Published 22 May 2008

Jar of Fools
Jason Lutes and Rui Tenreiro Faber & Faber, 160pp, £12.99

Ernie Weiss is a down-and-out magician with a booze problem, reeling from the failure of a disastrous romance and the shadow of his brother’s mysterious death. Weiss is fast approaching the end of his tether. So his reunion with his increasingly senile mentor (who has escaped from his care home) seems like a perfectly natural turn of events: they are two outcasts from a society that has left the magic of the past behind for the grim realities of the day-to-day.

Almost inevitably, they encounter fellow dreamers – Nathan and Claire Lender, an anachronistic pair of travelling con artists who seem to have walked straight out of Peter Bogdanovich’s Paper Moon. What follows is a tender, believable journey along the path towards acceptance, set in a world where tricks and lies are the only currency for survival.
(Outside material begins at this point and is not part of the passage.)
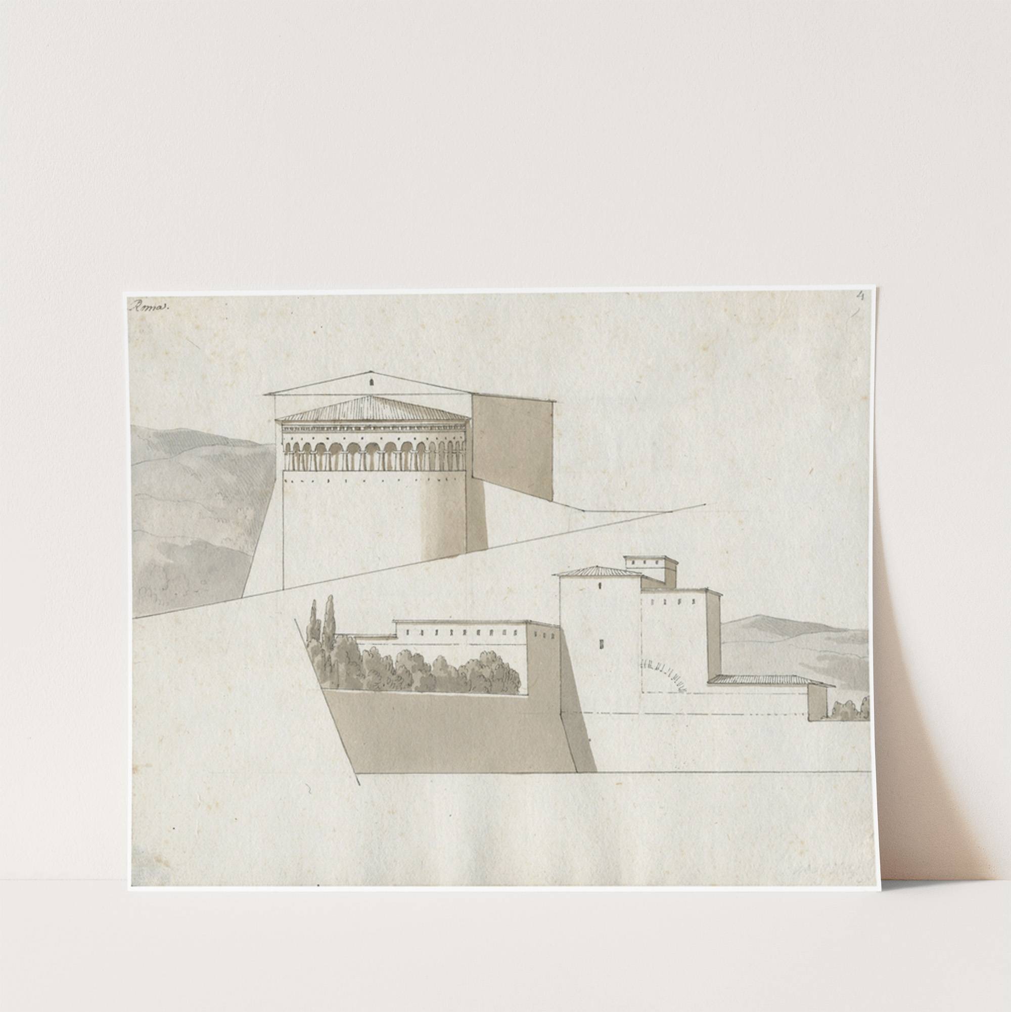 Rome: twee gezichten op anonieme gebouwen by David Humbert de Superville  - Wall Art Print

Jason Lutes’s mid-1990s classic has grown in reputation since its first publication, and it’s easy to see why. The European-style drawings recall Hergé, and the oddball romanticism of the various plot strands is handled with taste and conviction. Nothing is mawkish or twee, which is no mean feat in a story about magic and fatherhood. Where many of his Stateside contemporaries saturate their outsider narratives with bitterness or self-obsession, Lutes offers something more thoughtful.